Expedited retrievals
- Expedited retrievals allows quick access to the data when occasional urgent requests for a subset of archives are required.
- For all but the largest archives (250MB+), data accessed using Expedited retrievals are typically made available within 1 – 5 minutes.
- There are two types of Expedited retrievals: On-Demand and Provisioned.
- On-Demand requests are like EC2 On-Demand instances and are available the vast majority of the time.
- Provisioned requests are guaranteed to be available when needed
Glacier Supported Operations
Vault Operations
- Glacier provides operations to create and delete vaults.
- A vault can be deleted only if there are no archives in the vault as of the last computed inventory and there have been no writes to the vault since the last inventory (as the inventory is prepared periodically)
- Vault Inventory
- Vault inventory helps retrieve list of archives in a vault with information such as archive ID, creation date, and size for each archive
- Inventory for each vault is prepared periodically, every 24 hours
- Vault inventory is updated approximately once a day, starting on the day the first archive is uploaded to the vault.
- When a vault inventory job is, Glacier returns the last inventory it generated, which is a point-in-time snapshot and not real-time data.
- Vault Metadata or Description can also be obtained for a specific vault or for all vaults in a region, which provides information such as
- creation date,
- number of archives in the vault,
- total size in bytes used by all the archives in the vault,
- and the date the vault inventory was generated
- Glacier also provides operations to set, retrieve, and delete a notification configuration on the vault. Notifications can be used to identify vault events.
Archive Operations
- Glacier provides operations to upload, download and delete archives.
Uploading an Archive
- An archive can be uploaded in a single operation (1 byte to up to 4 GB in size ) or in parts referred as Multipart upload (40 TB)
- Multipart Upload helps to
- improve the upload experience for larger archives.
- upload archives in parts, independently, parallely and in any order
- faster recovery by needing to upload only the part that failed upload and not the entire archive.

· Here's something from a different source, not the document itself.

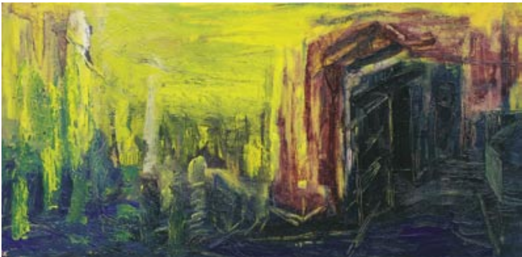
Divlje urbano, 2007, ulje, platno, 60 x 120 cm

- upload archives without even knowing the size
- upload archives from 1 byte to about 40,000 GB (10,000 parts * 4 GB) in size
- To upload existing data to Glacier, consider using the AWS Import/Export service, which accelerates moving large amounts of data into and out of AWS using portable storage devices for transport. AWS transfers the data directly onto and off of storage devices using Amazon’s high-speed internal network, bypassing the Internet.

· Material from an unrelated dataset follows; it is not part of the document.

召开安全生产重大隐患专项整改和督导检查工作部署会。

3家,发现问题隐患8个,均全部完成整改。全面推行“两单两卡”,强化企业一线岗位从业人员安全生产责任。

- Glacier returns a response that includes an archive ID which is unique in the region in which the archive is stored
- Glacier does not support any additional metadata information apart from an optional description. Any additional metadata information required should be maintained at client side
Downloading an Archive
- Downloading an archive is an asynchronous operation and is the 2 step process
- Initiate an archive retrieval job
- When a Job is initiated, a job ID is returned as a part of the response
- Job is executed asynchronously and the output can be downloaded after the job completes
- Job can be initiated to download the entire archive or a portion of the archive
- After the job completes, download the bytes
- Archive can downloaded as all the bytes or specific byte range to download only a portion of the output
- Downloading the archive in chunks helps in the event of the download failure, as only that part needs to be downloaded
- Job completion status can be checked by
- Check status explicitly (Not Recommended)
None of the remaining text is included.